ASSIGNMENT. Please make an exact copy of the lines from the one holding "為了讓更多同學近距離感受優(yōu)越留" through the end of the data, both ends included, with no pictures.

PROVIDED MATERIAL.
/---

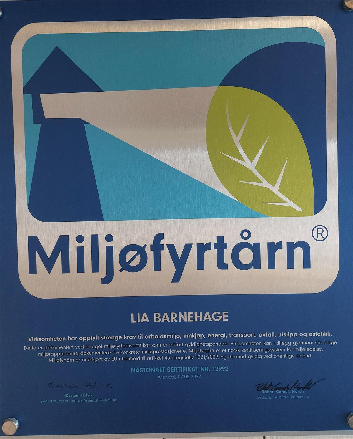 Miljøfyrtårn - Lia barnehage er miljø sertifisert.
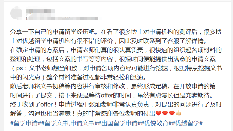 為了讓更多同學近距離感受優(yōu)越留學的服務質量,我們整理了部分同學對優(yōu)越留學的評價,形成了一份分享合集。
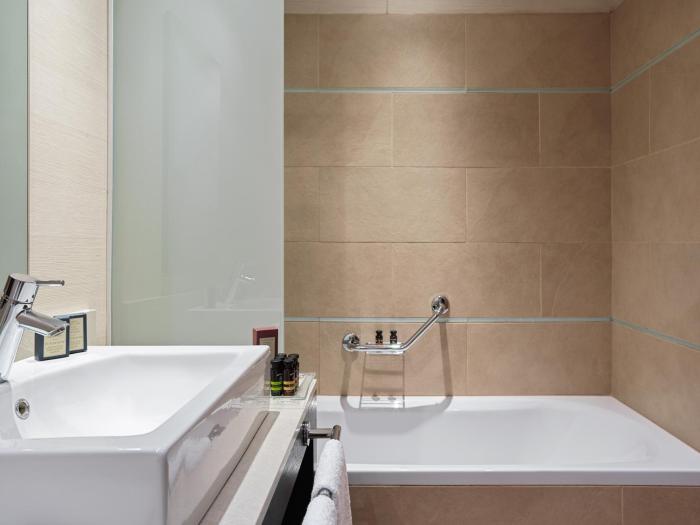 Guests can enjoy a refreshing swim in the outdoor pool area. Refreshing drinks at the pool bar and a relaxing soak in the hot tub offer the perfect way to unwind. A short break or an entire afternoon on the sun terrace, which features outdoor lounge chairs and umbrellas, is time well spent. Recreational activities and facilities at the hotel include a gym, a spa, a steam bath and massage treatments or, for a fee, golf.

\---

TASK ANSWER.
 為了讓更多同學近距離感受優(yōu)越留學的服務質量,我們整理了部分同學對優(yōu)越留學的評價,形成了一份分享合集。
 Guests can enjoy a refreshing swim in the outdoor pool area. Refreshing drinks at the pool bar and a relaxing soak in the hot tub offer the perfect way to unwind. A short break or an entire afternoon on the sun terrace, which features outdoor lounge chairs and umbrellas, is time well spent. Recreational activities and facilities at the hotel include a gym, a spa, a steam bath and massage treatments or, for a fee, golf.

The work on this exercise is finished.